___ Records for this exercise
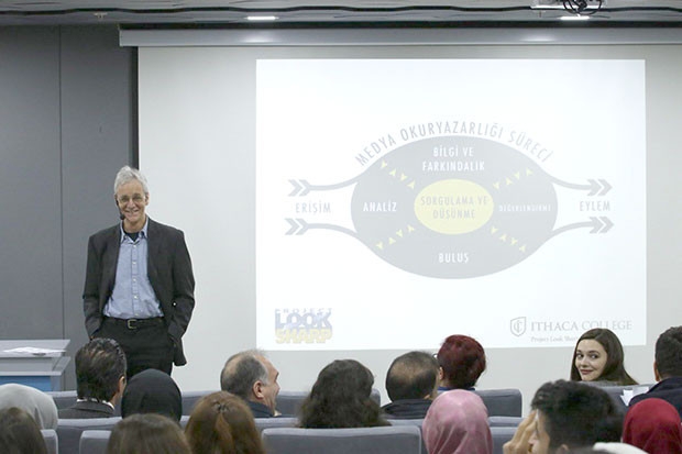 Açılış konuşmasının ardından sunumunu gerçekleştiren Christopher Sperry, medya okuryazarlığı eğitimlerini anlattı. Medyayı bilinçli ve etkili kullanmanın önemini dile getiren Sperry: “ Medya mesajlarını ele alırken eleştirel düşünceden faydalanmak gerekir. Farklı kaynaklardan yararlanırken bilginin doğruluğunu ve güvenirliliğine bakmak lazım. Sorgulama alışkanlığını geliştirerek medya mesajları analizinde gerekli soruları sormamız çok önemli” dedi. Sunumunda, medya manipülasyonlarından da (hileli yönlendirme) örnek veren Sperry, etik kuralların önemine değindi.
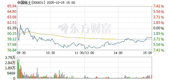 中国稀土盘中快速反弹,5分钟内涨幅超过2%,截至9点35分,报61.42元,成交8.53亿元,换手率1.34%。
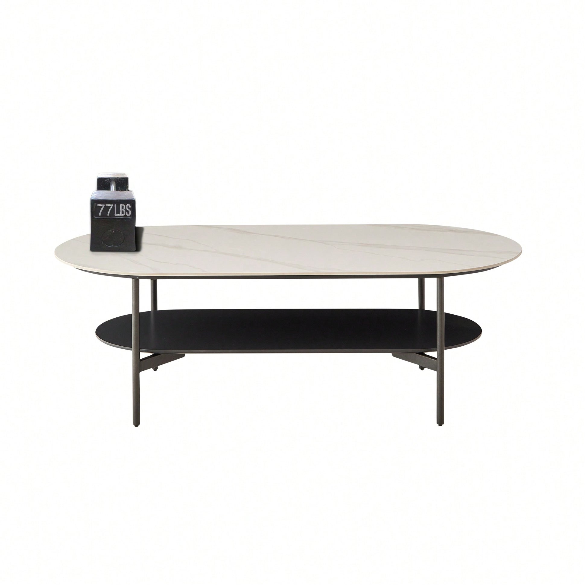 Elegant Ceramic Coffee Table With Walnut Finish Bottom Shelf And Metal Frame For Living Room And Office, Modern Design, Easy Assembly
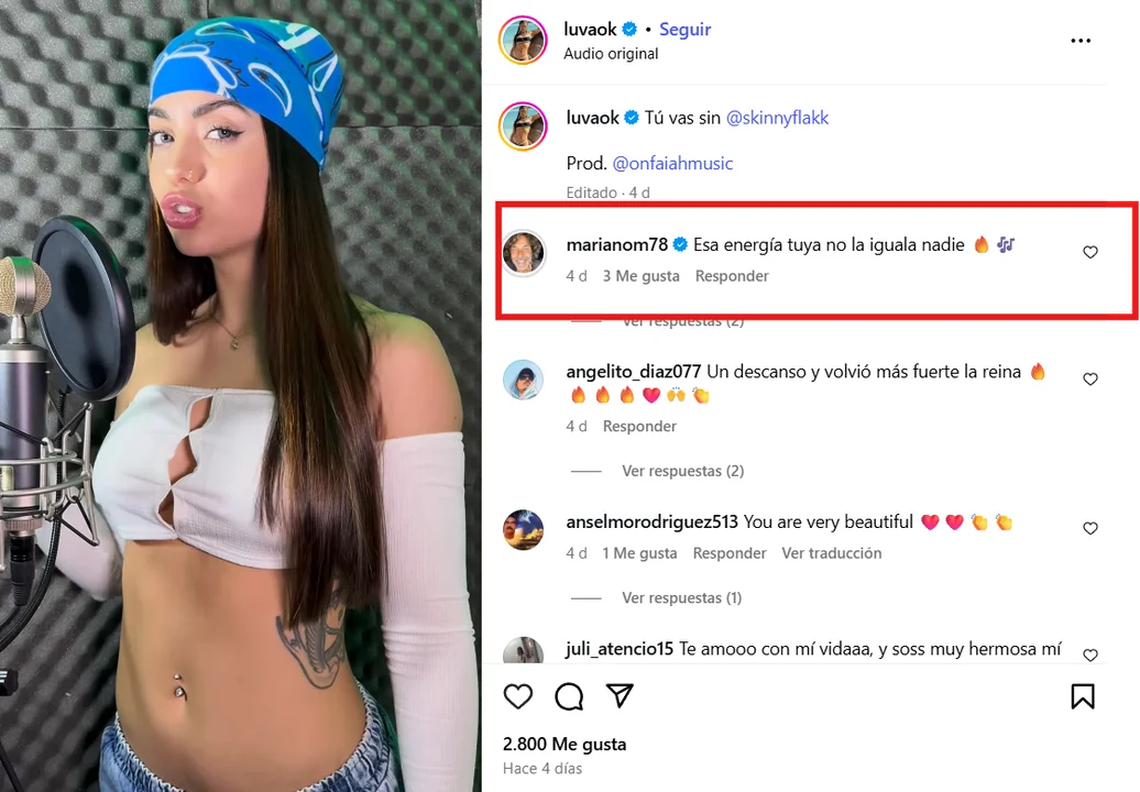 Fue el propio Mariano Martínez habría dado pistas de su noviazgo al dejar dulces comentarios en los posteos que Luva subió a Instagram cantando covers de canciones del momento.
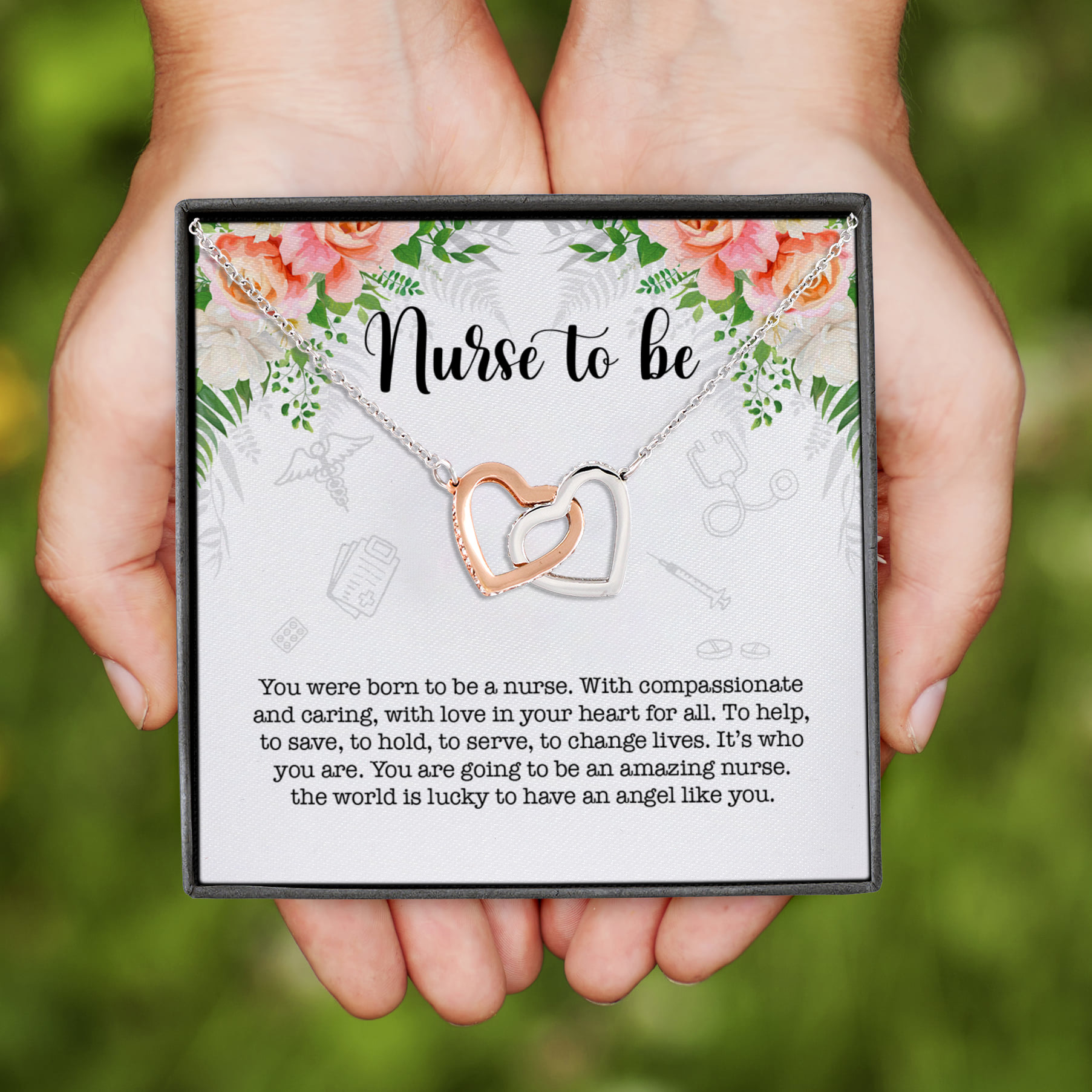 Let’s Shop Nurse Graduation You Were Born to Be a Nurse with Compassionate and Caring Love Interlocking Hearts Necklace!
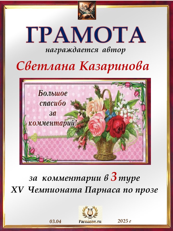 ![]() Медаль комментатора в 3 туре XV Чемпионата Парнаса по прозе
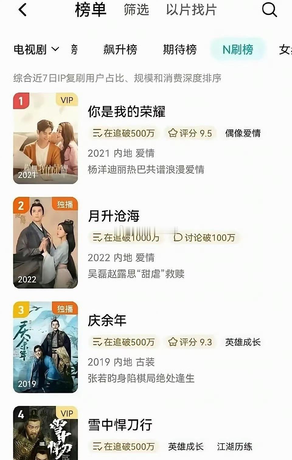 腾讯电视剧N刷榜迪丽热巴杨洋《你是我的荣耀》登顶榜首
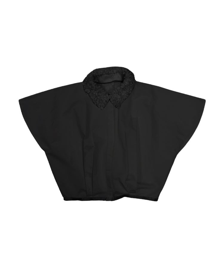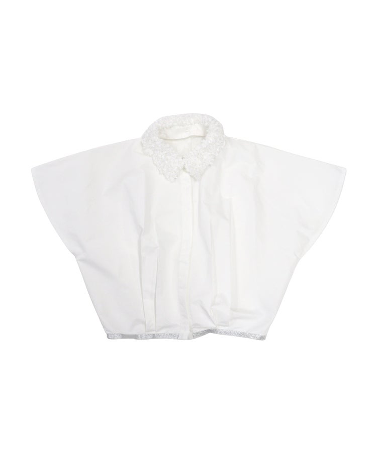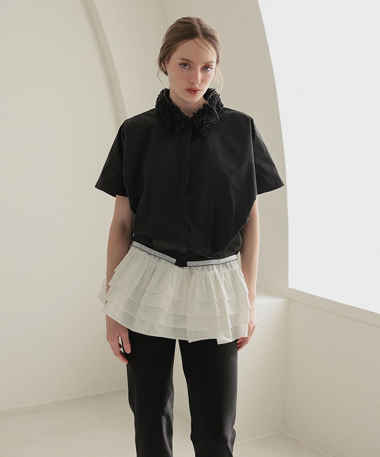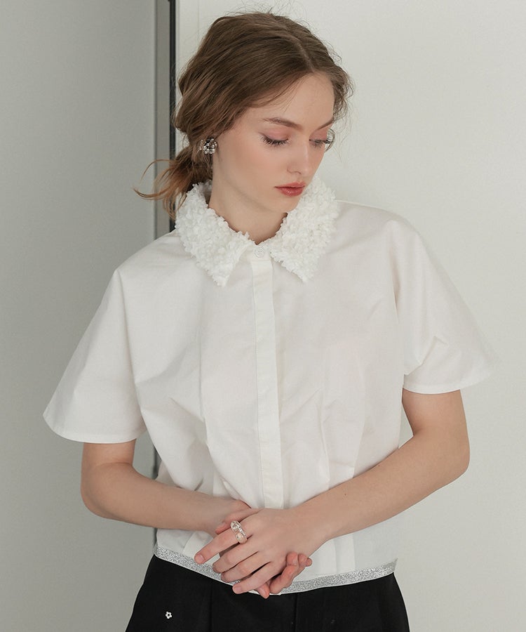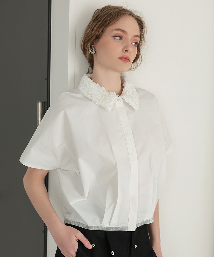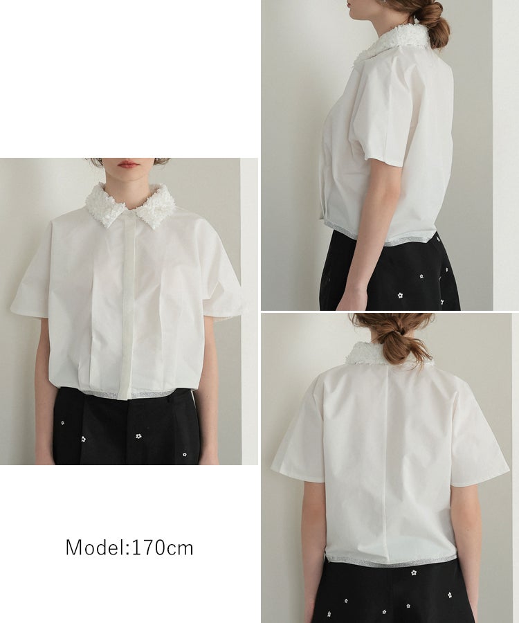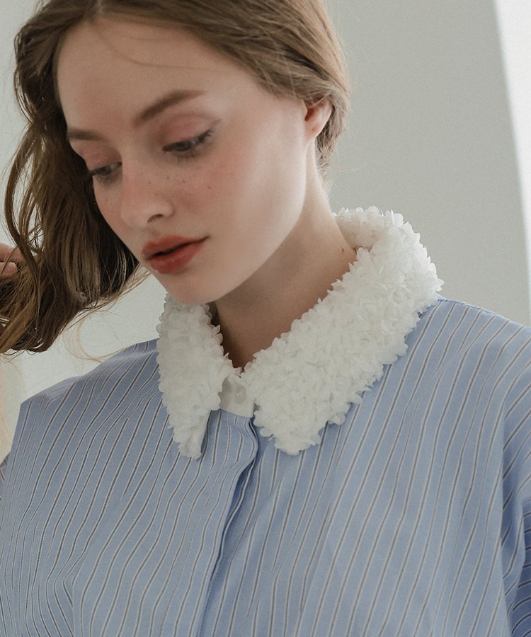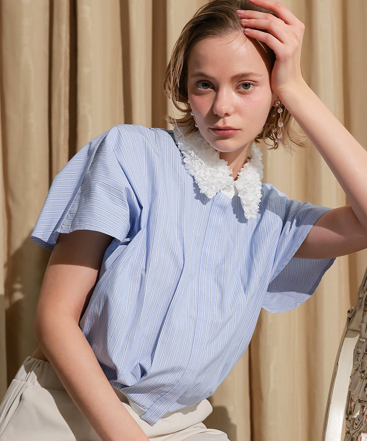立体感のあるフラワーモチーフの襟が目を惹く、存在感たっぷりのデザインブラウス。
______
Reproduce the listing above exactly, but skip the pictures.

 Açılış konuşmasının ardından sunumunu gerçekleştiren Christopher Sperry, medya okuryazarlığı eğitimlerini anlattı. Medyayı bilinçli ve etkili kullanmanın önemini dile getiren Sperry: “ Medya mesajlarını ele alırken eleştirel düşünceden faydalanmak gerekir. Farklı kaynaklardan yararlanırken bilginin doğruluğunu ve güvenirliliğine bakmak lazım. Sorgulama alışkanlığını geliştirerek medya mesajları analizinde gerekli soruları sormamız çok önemli” dedi. Sunumunda, medya manipülasyonlarından da (hileli yönlendirme) örnek veren Sperry, etik kuralların önemine değindi.
 中国稀土盘中快速反弹,5分钟内涨幅超过2%,截至9点35分,报61.42元,成交8.53亿元,换手率1.34%。
 Elegant Ceramic Coffee Table With Walnut Finish Bottom Shelf And Metal Frame For Living Room And Office, Modern Design, Easy Assembly
 Fue el propio Mariano Martínez habría dado pistas de su noviazgo al dejar dulces comentarios en los posteos que Luva subió a Instagram cantando covers de canciones del momento.
 Let’s Shop Nurse Graduation You Were Born to Be a Nurse with Compassionate and Caring Love Interlocking Hearts Necklace!
 ![]() Медаль комментатора в 3 туре XV Чемпионата Парнаса по прозе
 腾讯电视剧N刷榜迪丽热巴杨洋《你是我的荣耀》登顶榜首
立体感のあるフラワーモチーフの襟が目を惹く、存在感たっぷりのデザインブラウス。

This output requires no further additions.